Boster Bio has several primary anti-LPIN1 antibodies for research projects involving this protein. These antibodies have been validated in many different applications including Western Blotting, Immunohistochemistry, and ELISA. The Boster primary antibodies against LPIN1 can be used to confirm the marker's identity, which is crucial for accurate analysis of immunohistochemistry.

These high-affinity primary antibodies against LRIN1 allow researchers to ask more questions about specific proteins within a sample. These antibodies are dual-labelable, allowing researchers more information and questions about a specimen's function. All major histocompatibility tests are compatible with the Boster Bio primary antibodies.

Products

A mutation in the LPIN1 gene was discovered in a family with a history involving adult-onset muscular weakness. The mutations were localized to the gene's protein and genome structure, and Sanger sequencing showed compound heterozygosity. Mutants had mutations R734Q and I683L, respectively. These mutations were highlighted in (*).

Multiple downstream genes regulate the gene LPIN1 including STEADG and PPAR. PPAR activates the retinoid-X receptor and binds to specific DNA sequences in the promoter region of its target genes, thereby affecting lipid metabolism and cell differentiation. PPARG promotes the synthesis of milkfat by regulating the transcriptions of ADRP (stearoyl-CoA desaturase 1), two enzymes that are necessary for the synthesis.

Human embryos born with a defect in LPIN1 can develop severe muscle phenotypes. Lipin1 deficiency can also affect the integrity neuromuscular synapses. This could be due to a defective response to touch. However, when lipin 1 mRNA is co-injected with the LPIN1wt mRNA, the defect can be rescued.
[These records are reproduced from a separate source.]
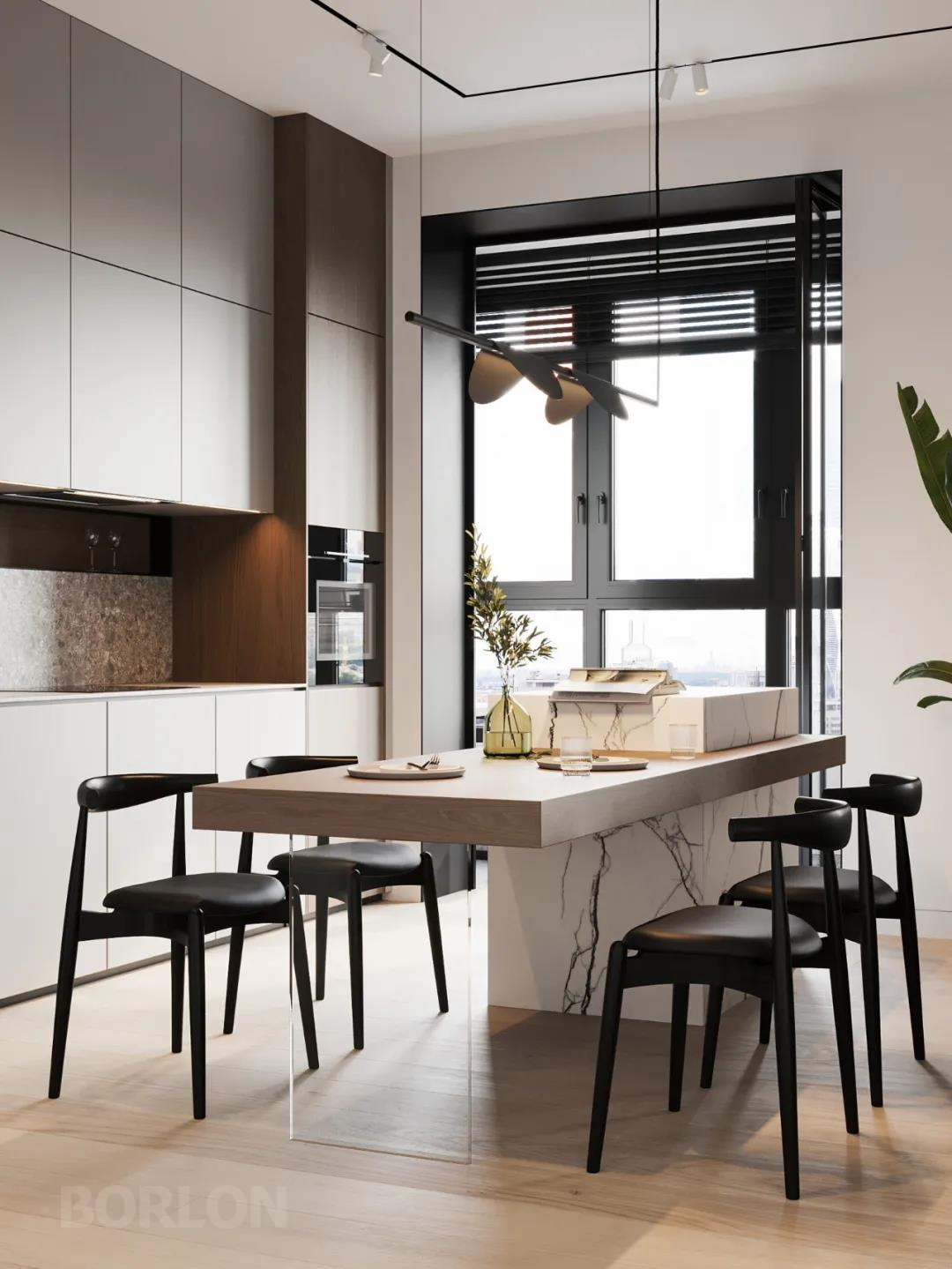 餐桌以岛台的形式呈现,白色大理石与木色相结合,搭配造型简洁的黑色灯饰,带着自然的气息,营造了一个简单舒适的用餐环境。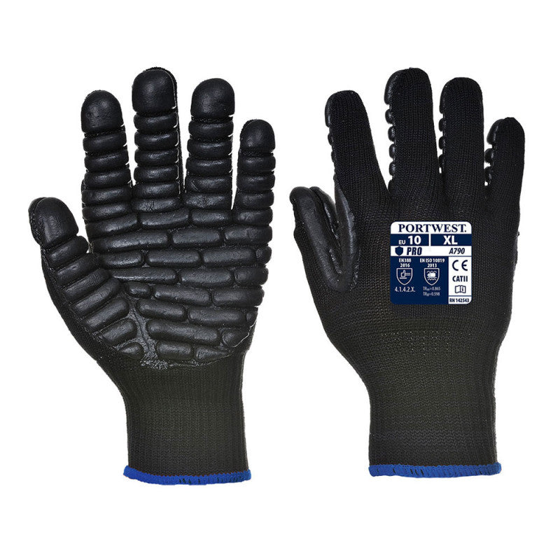 - Guante de algodón galga 10, nylon y caucho cloropreno especialmente diseñado para reducir los efectos de impactos y vibraciones al usar herramientas eléctricas, martillos neumáticos o demoledoras de hormigón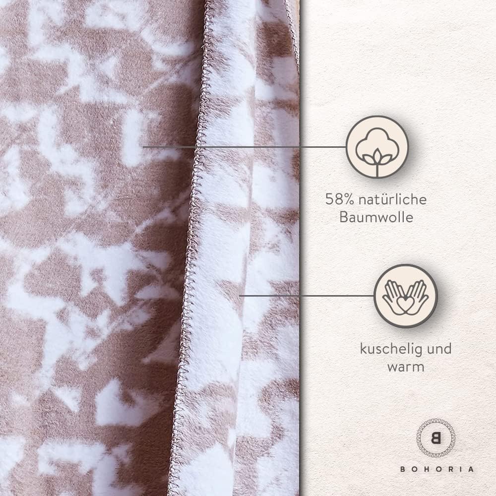 • Bringen Sie einzigartige Natürlichkeit in Ihr Zuhause. Unsere Kuscheldecken bestehen aus 58% Baumwolle, 32% Acryl, 10% Polyester und bringen so mit einer Größe von 150 x 200cm natürlichen Komfort ins Wohn- oder/und Schlafzimmer.

By binding to PPREs, PPARG can regulate LPIN1 gene transcription. PPARG could also regulate the expression of LPIN1.

Lipin 1 deficiencies are a common genetic defect that can cause muscular and neurological disorders. It was able to knock down over 70% of siRNA when it was introduced into mammalian cells. The siRNA-based knockdown produced abnormal levels of muscle and neuronal marker gene expressions. Quantitative analysis of gene expressions showed similar results. These results suggest a conserved role of LPIN1 for muscle gene expression.